Start of Material to process

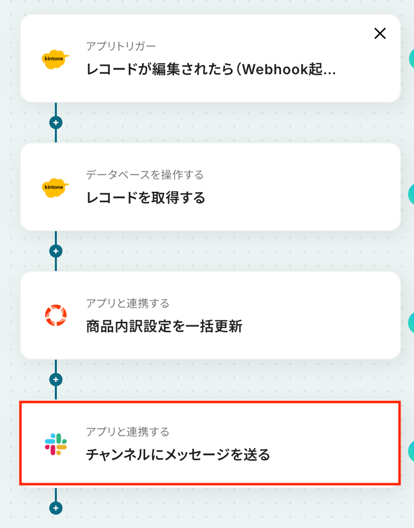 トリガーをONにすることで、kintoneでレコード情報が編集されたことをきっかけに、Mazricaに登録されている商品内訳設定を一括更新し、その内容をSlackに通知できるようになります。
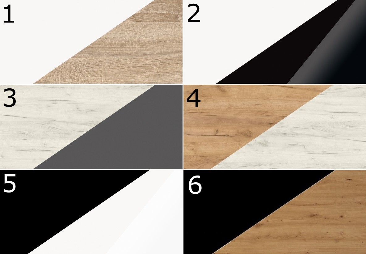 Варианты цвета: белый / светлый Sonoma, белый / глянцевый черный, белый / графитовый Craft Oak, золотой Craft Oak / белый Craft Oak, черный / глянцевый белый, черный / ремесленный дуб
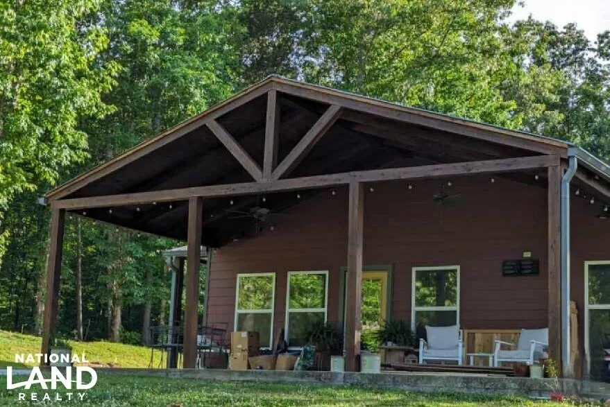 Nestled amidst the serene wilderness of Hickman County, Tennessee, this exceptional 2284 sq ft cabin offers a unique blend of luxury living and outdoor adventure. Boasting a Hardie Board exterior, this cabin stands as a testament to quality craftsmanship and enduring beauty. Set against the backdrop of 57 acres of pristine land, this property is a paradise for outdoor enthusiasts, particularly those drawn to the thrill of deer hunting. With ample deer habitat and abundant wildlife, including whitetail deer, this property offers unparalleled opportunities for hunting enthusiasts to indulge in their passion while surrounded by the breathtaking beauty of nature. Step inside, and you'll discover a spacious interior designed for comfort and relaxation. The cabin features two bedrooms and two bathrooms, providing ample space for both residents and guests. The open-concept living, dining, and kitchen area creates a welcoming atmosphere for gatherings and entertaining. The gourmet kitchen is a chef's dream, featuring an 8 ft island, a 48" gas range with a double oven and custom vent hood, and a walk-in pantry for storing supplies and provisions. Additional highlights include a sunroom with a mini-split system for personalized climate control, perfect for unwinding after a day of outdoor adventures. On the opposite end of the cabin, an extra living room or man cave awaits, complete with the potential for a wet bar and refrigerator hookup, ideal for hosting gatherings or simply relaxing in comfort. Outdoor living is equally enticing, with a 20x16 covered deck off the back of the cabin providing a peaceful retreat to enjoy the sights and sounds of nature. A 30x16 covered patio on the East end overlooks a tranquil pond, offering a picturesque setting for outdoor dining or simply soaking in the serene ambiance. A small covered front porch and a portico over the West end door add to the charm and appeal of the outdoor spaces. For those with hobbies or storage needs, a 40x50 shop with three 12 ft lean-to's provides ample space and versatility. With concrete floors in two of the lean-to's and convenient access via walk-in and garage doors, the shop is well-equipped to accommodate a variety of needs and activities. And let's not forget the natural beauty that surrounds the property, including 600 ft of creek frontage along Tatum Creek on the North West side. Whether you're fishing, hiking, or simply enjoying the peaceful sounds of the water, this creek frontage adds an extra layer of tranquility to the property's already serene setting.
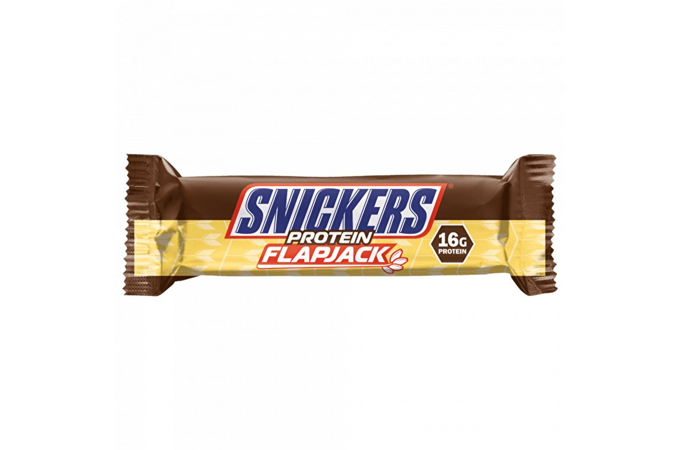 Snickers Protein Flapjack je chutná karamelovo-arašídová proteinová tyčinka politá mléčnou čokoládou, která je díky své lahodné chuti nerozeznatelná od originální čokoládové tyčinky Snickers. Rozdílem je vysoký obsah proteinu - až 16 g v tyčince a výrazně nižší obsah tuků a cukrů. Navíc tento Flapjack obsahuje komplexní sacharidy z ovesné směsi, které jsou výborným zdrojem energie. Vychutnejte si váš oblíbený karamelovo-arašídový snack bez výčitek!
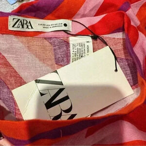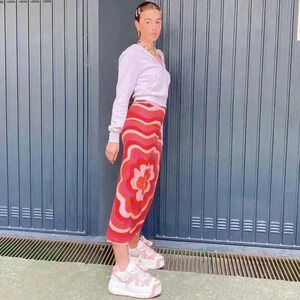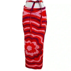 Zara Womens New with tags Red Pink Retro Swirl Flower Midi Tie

End of Material to process
Start of Material to process

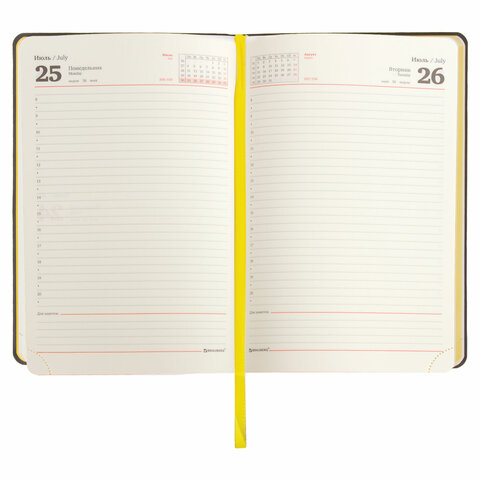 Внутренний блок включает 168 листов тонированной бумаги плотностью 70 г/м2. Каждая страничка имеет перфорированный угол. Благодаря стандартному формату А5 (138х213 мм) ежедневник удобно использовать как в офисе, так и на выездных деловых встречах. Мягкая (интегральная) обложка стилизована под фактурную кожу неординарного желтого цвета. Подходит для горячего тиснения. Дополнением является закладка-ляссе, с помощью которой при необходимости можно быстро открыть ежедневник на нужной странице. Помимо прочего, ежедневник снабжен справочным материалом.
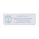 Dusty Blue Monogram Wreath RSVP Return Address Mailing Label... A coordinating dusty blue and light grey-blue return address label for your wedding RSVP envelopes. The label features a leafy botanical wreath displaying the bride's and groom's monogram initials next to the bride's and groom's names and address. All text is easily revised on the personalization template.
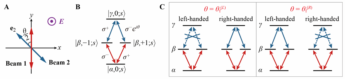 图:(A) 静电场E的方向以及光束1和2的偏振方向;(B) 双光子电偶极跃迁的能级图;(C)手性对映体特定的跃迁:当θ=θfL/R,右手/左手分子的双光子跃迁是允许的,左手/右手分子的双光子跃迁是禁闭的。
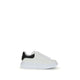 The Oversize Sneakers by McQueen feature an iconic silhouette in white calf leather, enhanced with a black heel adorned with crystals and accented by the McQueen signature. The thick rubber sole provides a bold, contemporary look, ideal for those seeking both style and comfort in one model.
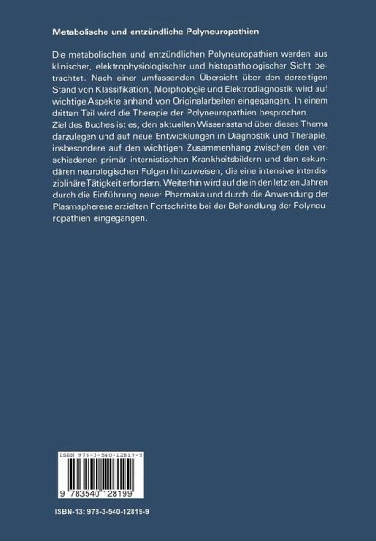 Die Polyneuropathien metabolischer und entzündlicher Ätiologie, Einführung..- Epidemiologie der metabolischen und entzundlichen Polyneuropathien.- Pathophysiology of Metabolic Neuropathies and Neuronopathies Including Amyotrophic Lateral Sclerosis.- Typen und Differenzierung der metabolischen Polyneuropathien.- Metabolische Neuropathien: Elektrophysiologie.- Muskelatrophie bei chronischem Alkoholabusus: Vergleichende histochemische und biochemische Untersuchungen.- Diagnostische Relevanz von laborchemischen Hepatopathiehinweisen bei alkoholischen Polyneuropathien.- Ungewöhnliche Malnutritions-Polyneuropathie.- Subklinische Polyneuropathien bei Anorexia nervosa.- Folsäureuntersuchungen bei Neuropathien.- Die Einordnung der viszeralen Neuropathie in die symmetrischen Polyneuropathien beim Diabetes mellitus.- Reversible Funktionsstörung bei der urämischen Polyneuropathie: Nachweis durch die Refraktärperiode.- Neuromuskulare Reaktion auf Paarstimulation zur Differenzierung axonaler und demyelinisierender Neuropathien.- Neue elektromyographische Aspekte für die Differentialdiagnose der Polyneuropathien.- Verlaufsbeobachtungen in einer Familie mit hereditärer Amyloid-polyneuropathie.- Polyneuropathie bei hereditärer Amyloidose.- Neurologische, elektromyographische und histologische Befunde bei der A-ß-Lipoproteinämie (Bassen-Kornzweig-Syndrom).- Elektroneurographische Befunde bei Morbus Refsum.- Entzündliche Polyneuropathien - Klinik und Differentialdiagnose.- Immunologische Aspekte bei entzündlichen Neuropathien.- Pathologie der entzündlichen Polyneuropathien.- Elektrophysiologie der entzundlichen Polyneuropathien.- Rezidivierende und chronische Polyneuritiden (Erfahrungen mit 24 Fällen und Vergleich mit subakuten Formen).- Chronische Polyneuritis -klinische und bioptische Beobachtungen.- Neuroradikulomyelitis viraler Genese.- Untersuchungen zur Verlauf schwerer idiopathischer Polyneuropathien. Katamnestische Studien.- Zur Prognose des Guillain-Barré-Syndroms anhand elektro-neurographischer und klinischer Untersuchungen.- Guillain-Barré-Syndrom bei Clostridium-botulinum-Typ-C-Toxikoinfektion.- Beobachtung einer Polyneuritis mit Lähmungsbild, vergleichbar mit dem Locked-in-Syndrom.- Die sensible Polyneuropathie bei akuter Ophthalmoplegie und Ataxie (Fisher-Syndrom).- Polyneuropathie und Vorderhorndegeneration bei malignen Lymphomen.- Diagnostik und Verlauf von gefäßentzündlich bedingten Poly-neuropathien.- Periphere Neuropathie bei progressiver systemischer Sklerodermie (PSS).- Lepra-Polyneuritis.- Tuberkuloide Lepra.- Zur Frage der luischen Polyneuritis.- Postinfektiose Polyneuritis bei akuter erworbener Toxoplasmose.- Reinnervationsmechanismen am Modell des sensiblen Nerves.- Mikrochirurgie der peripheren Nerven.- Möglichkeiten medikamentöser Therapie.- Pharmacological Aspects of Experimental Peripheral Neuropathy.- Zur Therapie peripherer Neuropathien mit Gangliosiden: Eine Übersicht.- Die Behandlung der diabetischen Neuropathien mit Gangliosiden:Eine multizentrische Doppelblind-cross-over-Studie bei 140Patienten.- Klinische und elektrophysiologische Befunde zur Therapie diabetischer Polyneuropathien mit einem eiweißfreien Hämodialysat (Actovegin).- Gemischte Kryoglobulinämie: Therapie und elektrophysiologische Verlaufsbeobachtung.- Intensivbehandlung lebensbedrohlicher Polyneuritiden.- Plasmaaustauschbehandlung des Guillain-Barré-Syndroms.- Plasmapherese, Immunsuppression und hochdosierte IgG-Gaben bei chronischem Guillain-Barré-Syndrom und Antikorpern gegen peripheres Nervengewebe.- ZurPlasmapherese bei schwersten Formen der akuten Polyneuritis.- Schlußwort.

End of Material to process
Start of Material to process

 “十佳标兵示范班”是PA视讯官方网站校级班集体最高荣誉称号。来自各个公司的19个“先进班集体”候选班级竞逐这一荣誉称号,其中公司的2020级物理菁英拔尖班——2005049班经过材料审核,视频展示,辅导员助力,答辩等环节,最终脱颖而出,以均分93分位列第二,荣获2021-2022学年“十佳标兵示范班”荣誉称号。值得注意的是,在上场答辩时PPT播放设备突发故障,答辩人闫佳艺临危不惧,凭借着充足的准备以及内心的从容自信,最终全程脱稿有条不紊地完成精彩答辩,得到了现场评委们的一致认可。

End of Material to process

#### [What to do]
In the listing above, find the line containing "トリガーをONにすることで、". Output it and every line after it up to and including the line containing "Варианты цвета: белый", exactly, but skip the pictures.

#### [Result of this exercise]
 トリガーをONにすることで、kintoneでレコード情報が編集されたことをきっかけに、Mazricaに登録されている商品内訳設定を一括更新し、その内容をSlackに通知できるようになります。
 Варианты цвета: белый / светлый Sonoma, белый / глянцевый черный, белый / графитовый Craft Oak, золотой Craft Oak / белый Craft Oak, черный / глянцевый белый, черный / ремесленный дуб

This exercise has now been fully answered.